William Silas Hill (January 20, 1886 – August 28, 1972) was a U.S. Representative from Colorado for nine terms. His career was largely focused on agriculture. He studied at the Colorado State College of Agriculture, was a farmer, Secretary of the Colorado State Farm Bureau, and while a Congressman worked on agricultural issues.

Early life and education
Born in Kelly, Kansas, William Silas Hill attended the public schools, Kansas State Normal at Emporia, Kansas, and Colorado State College of Agriculture at Fort Collins.

Career
He homesteaded near Cheyenne Wells, Colorado from 1907 to 1915. He was superintendent of Cache la Poudre Consolidated School of Larimer County, Colorado from 1919 to 1922. Secretary of the Colorado State Farm Bureau in 1923.
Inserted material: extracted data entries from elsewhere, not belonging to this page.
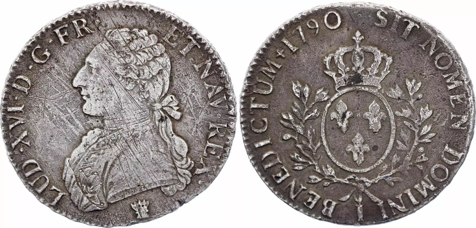 Coin France Ecu Louis XVI arms of France with sprays - 1790 I Limoges
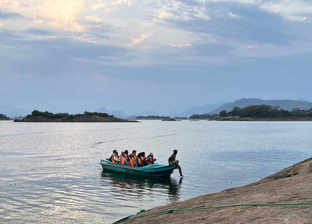 We boarded two boats that skimmed the still water beneath the still simmering afternoon. And then, on the far shore, the elephants emerged. A small herd grazed lazily at the water’s edge, calves obediently following their mothers, while lone elephants silently foraged away from the herds. Watching them from the heart of the reservoir, it felt like we were intruding on something ancient and private, a ritual that had been unfolding here long before dams and boats and cameras existed.
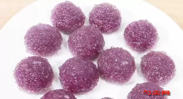 工藝:1、西米提前浸泡1小時,瀝干水分備用;2、紫薯去皮切塊蒸熟壓成泥,加入白糖、筋力源Q、糯米粉攪拌均勻,加入適量水和成表面光滑的面團;3、取一個紫薯小面團,搓圓壓扁,中間加入豆沙餡,然后收口搓圓;4、紫薯球在西米中滾一滾,使其表面沾上西米;5、放入鍋中隔水蒸15分鐘,晶瑩剔透、香甜軟糯的紫薯球就做好啦。
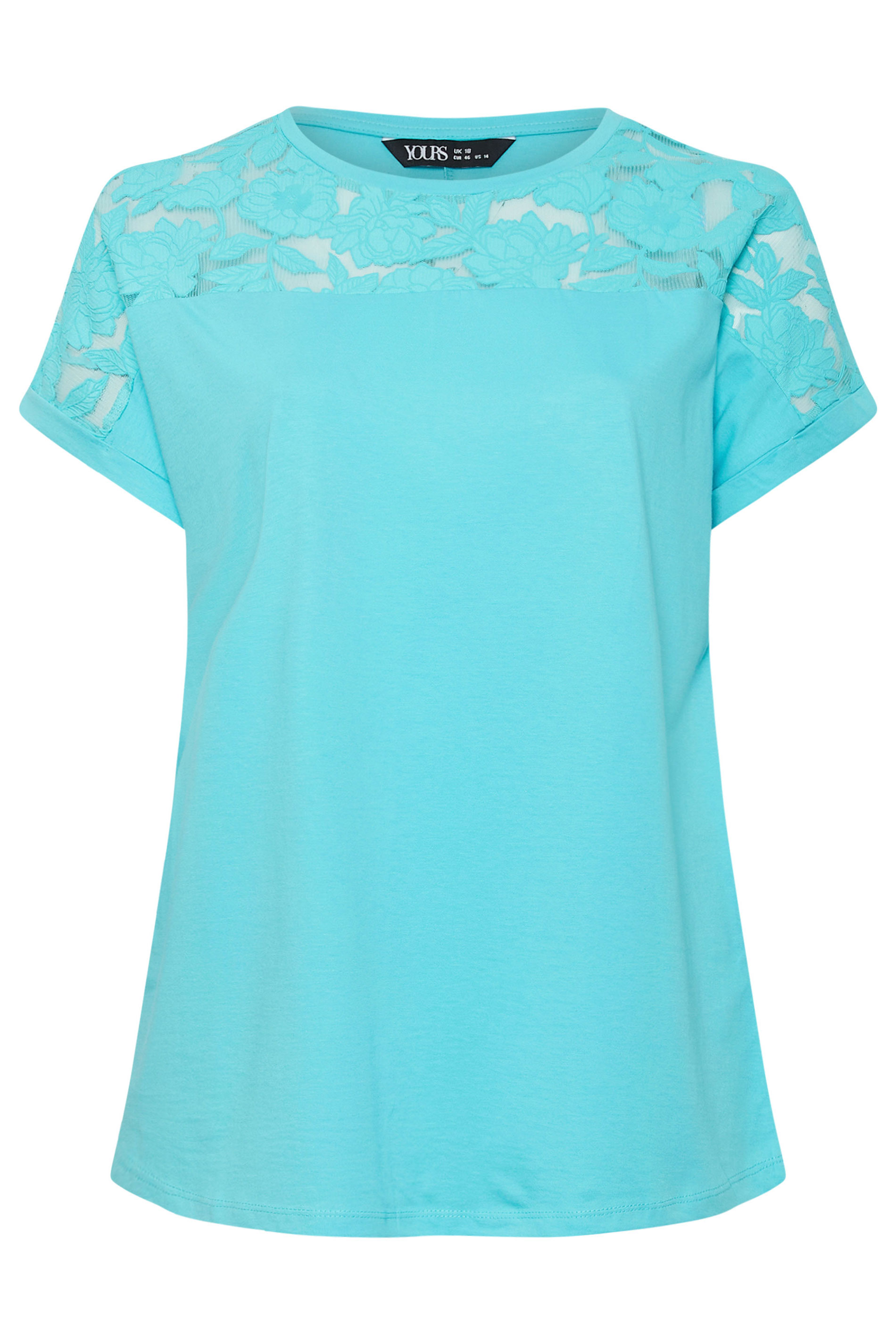 Büyük Beden Bisiklet Yaka Tül Detaylı Kısa Kollu T-shirt 321836
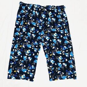 NWOT Halogen Navy Floral Plus Size Tie Waist Wide Leg Crop Capri Pants - size 3X. w 24" inseam 23"
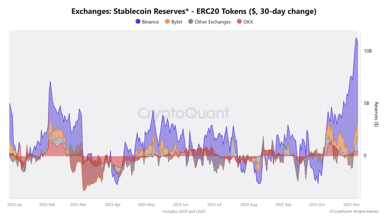 Complementing this capitulation data, a separate report from CryptoOnchain shows that exchange stablecoin reserves have surged by nearly $9 billion in the past month, the largest increase in 2025. The majority of this inflow is concentrated on Binance, which accounts for more than two-thirds of the total growth.
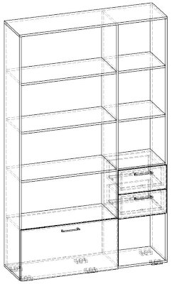Применение задней стенки из ЛДСП (в ячейках с ящиками и фасадами) позволяет использовать данный стеллаж для зонирования пространства (чтобы предотвратить опрокидывание, необходимо обеспечить крепление стеллажа к стене).

He served in the State house of representatives 1924-1926. He engaged in the mercantile business at Fort Collins, Colorado from 1927 to 1953.

Hill was elected as a Republican to the 77th Congress and to the eight succeeding Congresses (January 3, 1941 – January 3, 1959). He served as chairman of the Select Committee on Small Business (83rd Congress) and was particularly focus on improving the fate of small metal mines in the western United States. He supported agricultural issues and served on agriculture-related subcommittees, including the end of the quota system on livestock slaughter, studying the Federal crop‐insurance program, and for a prohibition of controls on commodity margins. Hill voted in favor of the Civil Rights Act of 1957. He was not a candidate for renomination in 1958 to the 86th Congress.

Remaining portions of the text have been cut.